Now let’s look at the structure of a Meltdown attack program. We need a stopwatch to time the data read. First, the cache is cleaned by calculating the cache’s capacity. This is done to initialize the data in the cache and leave nothing to chance. Next, it gets the data at a specific address in RAM that contains the important data we want to know (let’s call this data α) and stores the random data in a space equal to 1000+α addresses in memory.
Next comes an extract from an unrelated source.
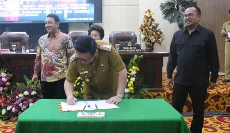 Wawali Manado Mor D Bastiaan mendandatangani berita acara Sidang Paripurna DPRD Kota Manado.

The instruction is rejected because it fetches data from a protected address (which is the operating system’s information, so it should be protected), but due to non-sequential processing, the instruction is executed before it is rejected and eventually 1000+α addresses of data are stored in the cache.
The attacker then reads through the memory, measuring the time it takes to read the data at each address. While the access rate is generally constant, there are some addresses that read data at a dramatically faster rate than others. This is the data from the 1000+α rooms we just calculated and stored. If we eventually figure out which rooms are stored in the cache, we know the value of 1000+α, and we can find the value of α, which is important information about the system. Repeat the process and you’ve got all the information that’s important to the security of your computer, including passwords to administrator accounts.
What makes Meltdown so scary is that the non-sequential execution technique is used across Intel CPUs, and is also used by Qualcomm, Samsung, and other companies that make CPUs for mobile devices. In other words, almost every electronic device on the planet is exposed to this threat. Intel’s competitor AMD is not exposed to Meltdown because instructions are checked first when performing non-sequential execution, but it is exposed to the more difficult-to-handle “Spectre,” a bug that attacks vulnerabilities in speculative execution rather than non-sequential execution. As a result, all CPUs are exposed to the Spectre-Meltdown bug.
Many operating systems, including Windows, have issued emergency patches for this bug, but because it’s a silent attack, it’s impossible to know if you were attacked before the patch. Additionally, installing the patch was a way to block non-sequential execution, not a fix, which caused the computer’s processing speed to drop dramatically. Since this is a CPU design issue, there’s nothing you can do about it without replacing the hardware.
So far, we’ve explained how modern computers work and how Meltdown exploits them. The CPU, which is responsible for the computations in a computer, is equipped with non-sequential execution, where instructions are pre-executed, stored, and retrieved when needed, which dramatically speeds up processing, but the vulnerabilities in this process have led to serious security flaws. Along with Meltdown, there’s also a bug called Spectre, which we won’t discuss here because its explanation requires further explanation of speculative execution and attack techniques. However, Spectre is an example of a technology that was introduced to improve CPU performance that ended up causing problems. Hopefully, this will serve as a precedent for others outside of the computer field to think hard about performance improvements and see if we’re missing something important.